The revision of the ancient sequences from China53 and the finding of specific Central Asian sequences clearly support the second. G2a and D4c haplogroups are ‘twigs’ (according to the terms devised by Kivisild et al17) belonging to the East Asian G and D ‘limbs’ of the M ‘trunk’. The estimated ages of these haplogroups (around 30 000 and 25 000 years) point to the ancient presence of at least two different East Asian ‘limbs’ in Central Asia.

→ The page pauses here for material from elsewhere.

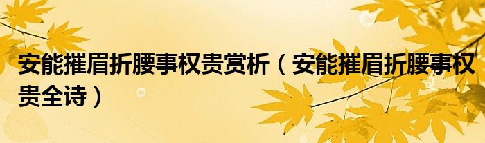 31、安能摧眉折腰事权贵,使我不得开心颜!参考资料梦游天姥吟留别相关古诗文.古诗文网[引用时间2018-1-17]。

Kivisild et al17 showed considerable differences in the mtDNA lineages found in East Asia, A, C, D, G, Y, and Z being the haplogroups forming the pool of lineages in the northeast, whereas B and F were predominant in the southeast. Karafet et al,9 analyzing Y-chromosome markers, showed a closer genetic relationship between Central Asia and northeast Asia than with southeast Asia. Nevertheless, our mtDNA results show the presence of haplogroups represented in both northeast and southeast Asia, suggesting that the demographic scenario within Central Asia has been even more complex than previously stated.9

Contrary to the structure shown in Y-chromosome lineages in Central Asia, where 24% of the genetic variation could be attributed to differences between populations,10 mtDNA diversity is not structured, as shown by the AMOVA analysis. This discrepancy between the two uniparental genomic regions in Central Asia is in agreement with previous data in the region,7 and as a global trend in which higher female than male migration has been observed.54

It is interesting to stress the lack of geographic structure of the basal branches of the non-African mtDNA (haplogroups M and N, called ‘limbs’17), and a clear phylogeography in more external branches (haplogroups or sub-haplogroups; ‘twigs’17) supports the existence of an ancestral population where the two main groups of lineages diverged. This could be related to the presence of a ‘maturation phase’, presumably in the Middle East or eastern Africa, of modern humans before the Upper Paleolithic expansion all across Eurasia, as proposed by the fossil evidence55 and other genetic data.56 The lack of basal limbs in Central Asian samples and the presence of lineages belonging to external branches within the mtDNA phylogeny suggest that the mtDNA diversity found in Africa did not have its ‘maturation phase’ in Central Asia, and the diversity found in the region is mainly the result of admixture of already differentiated populations. The lack of mtDNA basal root types in Central Asia contrasts with the results of Y-chromosome analyses. Whereas the majority of extant Y lineages in Europe and Siberia appear to have expanded from the Middle East via Central Asia,8 the lack of deeply rooting mtDNA clades in Central Asia does not support the hypothesis that Central Asia is the maternal source population for the Upper Paleolithic colonization of Europe. This discrepancy might be the result of different sexual migration patterns in Central Asia, as noted above. Additional data from autosomal markers, such as SNP or SNPSTR haplotypes,57 need to be gathered in order to clarify the genetic role of Central Asia in the settlement of modern humans in Europe and Siberia.